Using unary representation with addition java string

Question

I need to write a code that takes a string input and turns it, or something to that effect, into a valid unary equation with addition to verify if it is valid. I'm confused, could anyone point me in the direction of understanding this? An example would be: 111+1111=11111+1+1 is the statement 3+4=5+1+1 which is valid. My other question would be how to use stacks to do unary operations.

Answer 1

If you are limited to this language then your can write a simple parser using a number of methods. You can first split your String

String[] parts = eqn.split("=");

Then split each part:

String[] left = parts[0].split("\\+");
String[] right = parts[1].split("\\+");

Now you can simply count the lengths of the strings:

int leftside = 0;
for (String l : left) {
    leftside += l.length;
}

and so on for the right side and see if they are equal.

There are many other ways you can tackle this.

Basically you have to write a parser. You might want to use a character-by-character scanner, or use regexes or a generic tool such as ANTLR. It depends on your final goal and whether it is likely to change. Are you likely to have characters other than 1, +, =, for example?

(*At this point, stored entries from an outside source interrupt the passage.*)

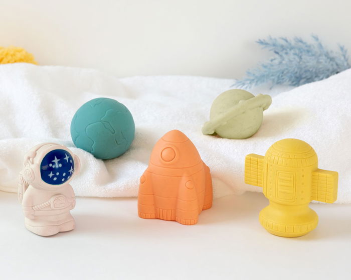 La hora del baño será aún más divertida con este set de 5 juguetes espaciales antimoho. fabricados en un 30% de trigo, estos juguetes de baño son más ecológicos. cada juguete tiene un diseño colorido y amigable, lo que atrae la atención de tu bebé mientras lo ayuda a desarrollar sus habilidades motrices al aprender a agarrarlos y jugar con ellos. además, gracias a su material de alta calidad, estos juguetes son fáciles de limpiar y no retienen agua, evitando la proliferación de bacterias. - recomendado para +4 meses - material: 70% pvc, 30% trigo - tamaño de cada juguete: aproximadamente 6 cm - incluye 5 juguetes espaciales de diferentes colores - antimoho y fácil de mantener limpio
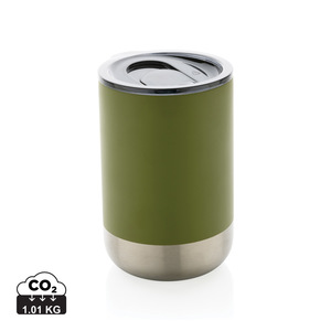 Moderní termohrnek s víčkem se zasunovacím systémem pro snadné pití. Ideální na cesty do práce nebo dopřávání si oblíbeného nápoje v práci. Dvoustěnná vakuová izolace uchová nápoj horký po dobu až 3h a studený až 6h. Vyrobeno z RCS recyklované nerezavějící oceli. RCS (Recycled Claim Standard) je globální standard, který umožňuje ověřit použití recyklovaného materiálu v produktu napříč celým dodavatelským řetězcem. Podíl použitého recyklovaného materiálu vzhledem k celkové váze produktu: 76 %. Bez BPA. Objem: 360 ml. Baleno v FSC kraftové krabičce.
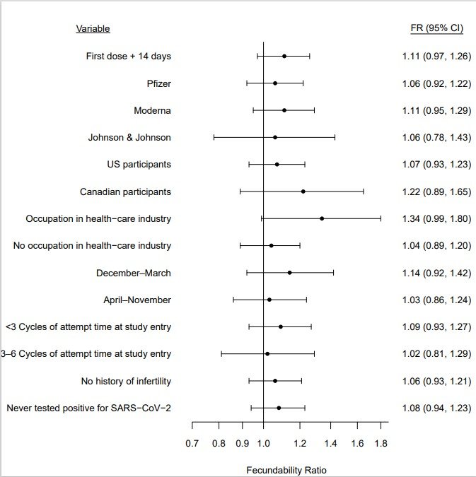 Lead author Dr. Amelia Wesselink, epidemiologist at Boston University School of Public Health, and colleagues analyzed survey data on COVID-19 vaccination and infection, and fecundability, among female and male participants in the BUSPH-based Pregnancy Study Online (PRESTO), an ongoing NIH-funded study that enrolls women trying to conceive, and follows them from preconception through six months after delivery. Participants included 2,126 women in the US and Canada who provided information on sociodemographics, lifestyle, medical factors, and characteristics of their partners from December 2020 to September 2021, and the participants were followed in the study through November 2021.
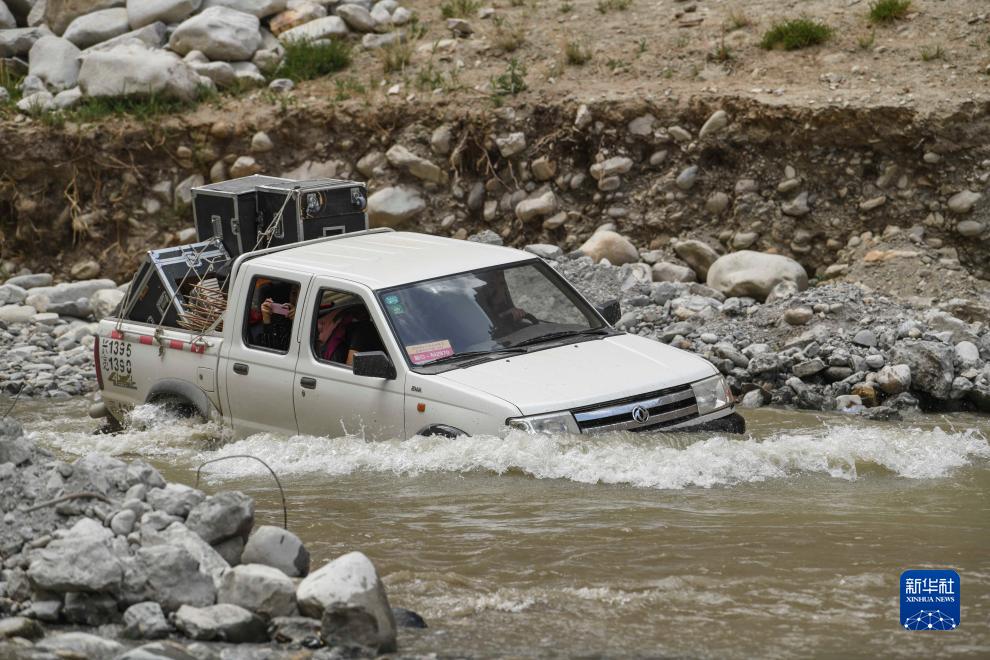 在一次下鄉進(jìn)村演出途中,新疆塔縣文工團演員拜合提亞爾·居馬汗和同事駕車(chē)穿越一處涉水路段(2020年6月5日攝)。
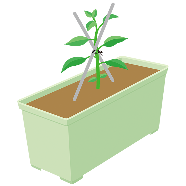 ④仮支柱をクロスさせて立て、茎を固定させます。プランターの底穴から流れ出てくるまでたっぷり水やりをします。
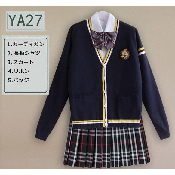 【セット内容】カーディガン+ブラウス+スカート+リボン/ネクタイ+バッジ
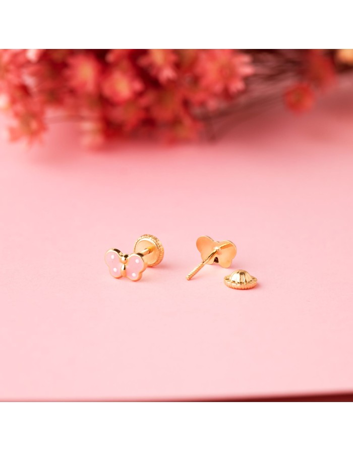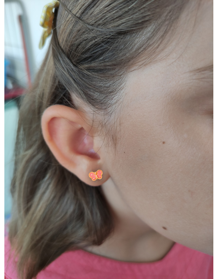 Pendientes Niña Mariposa Esmaltada Rosa de Oro 18KT -7mm
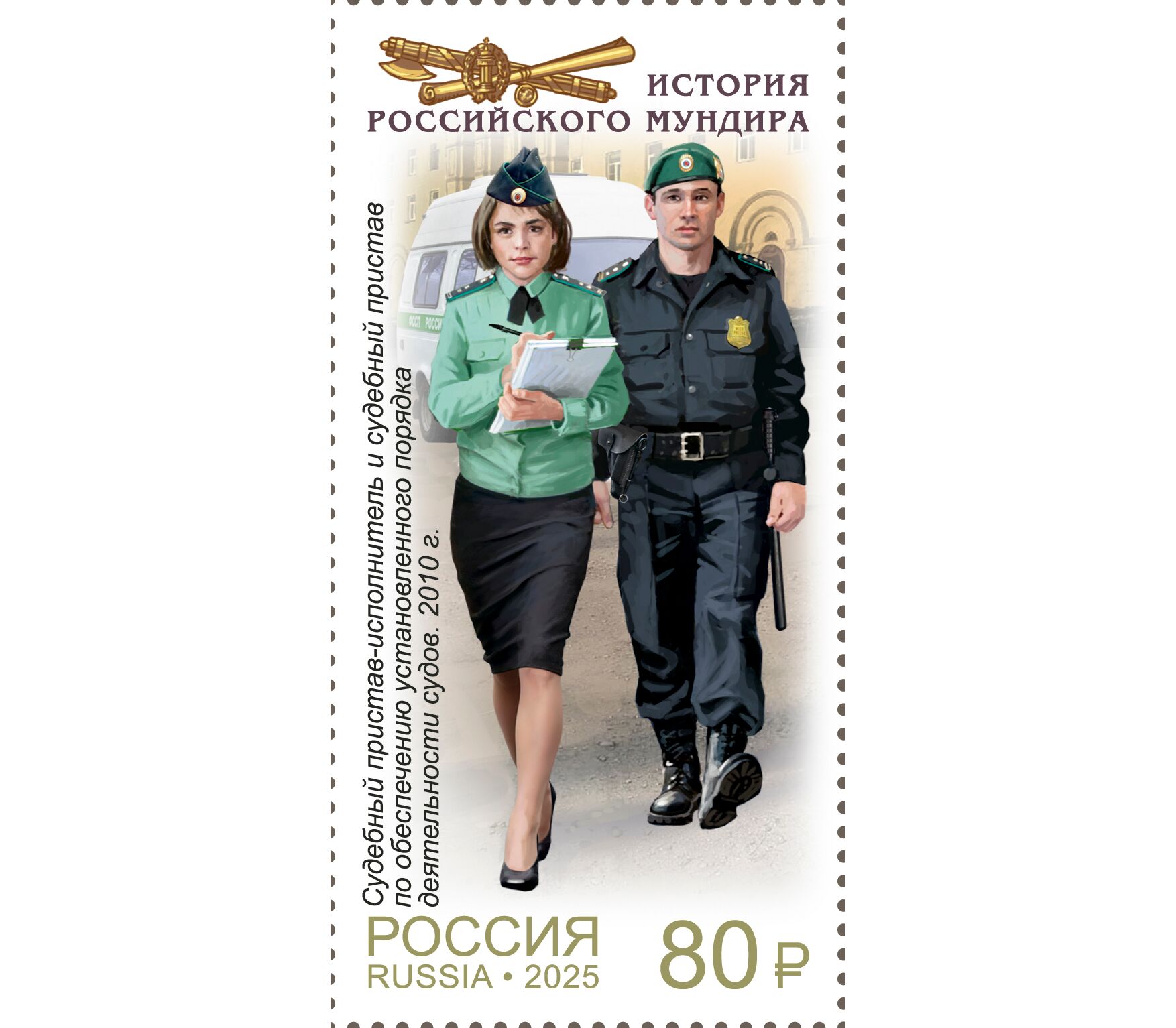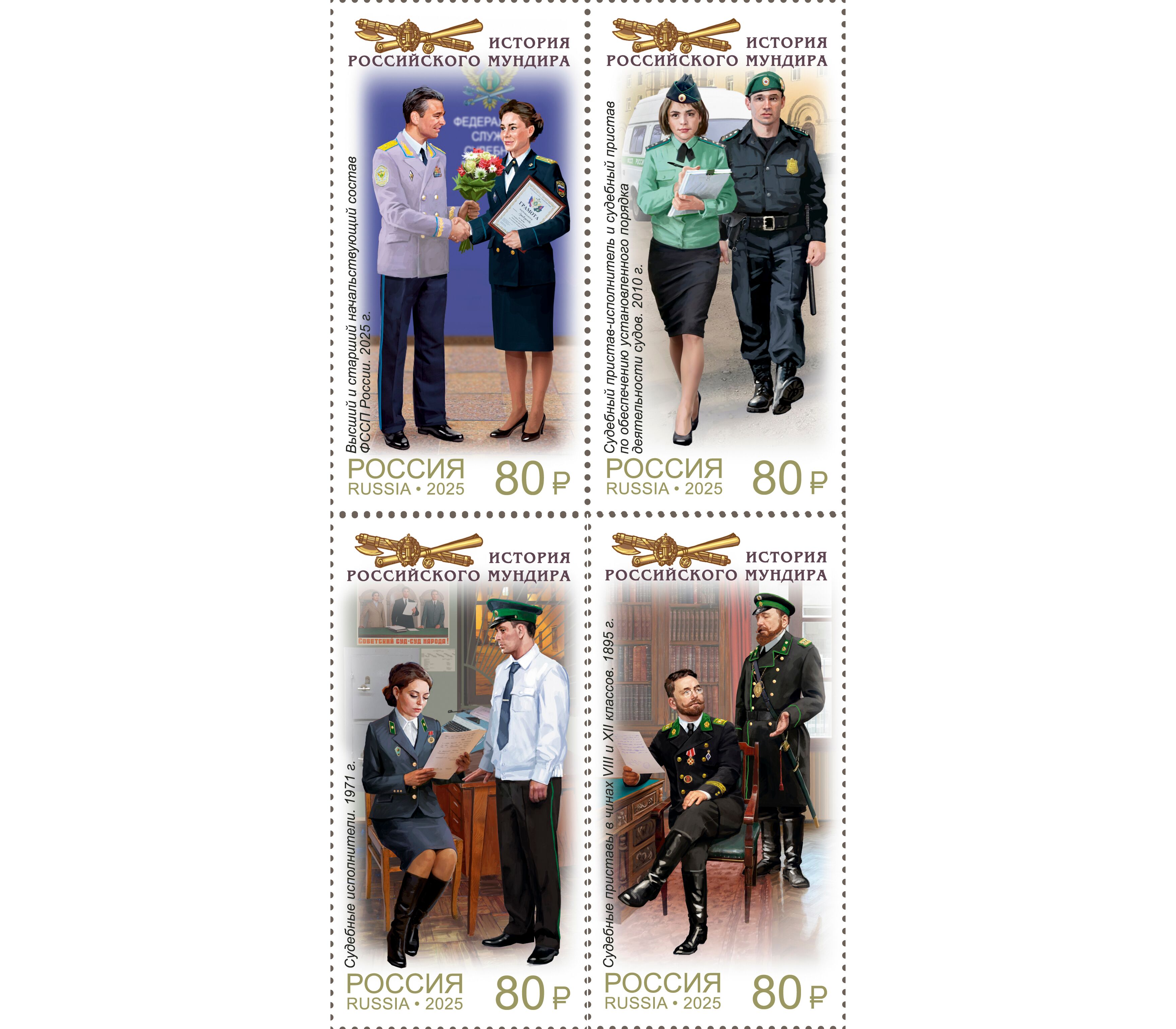 Продолжение серии российских марок «История российского мундира» 2025 года. На 4-х почтовых марках изображены сотрудники службы судебных приставов в официальной форме.

My guess is this is homework. And I guess that you are expected to read character-by-character and push() each character on a stack. Then you have to pop() the stack when you encounter certain conditions.I'm not going to do this for you...

Answer 2

Another possible solution.

String input = "111+1111=11111+1+1";
    String[] parts = input.split("=");

    Pattern pattern = Pattern.compile("1");
    Matcher  matcherLeft = pattern.matcher(parts[0]);
    Matcher matcherRight = pattern.matcher(parts[1]);
    int leftTotal = 0;
    while (matcherLeft.find())
        leftTotal++;

    int rightTotal = 0;
    while (matcherRight.find())
        rightTotal++;

    if(leftTotal == rightTotal)
        System.out.println("Valid");
    else
        System.out.println("Invalid");

Starts out by splitting the string in to the left and right side of the equations. Then simply counts the number of 1's in each part and does a comparison. There's definitely better ways to do this, but with this example it's pretty easy to see what is going on.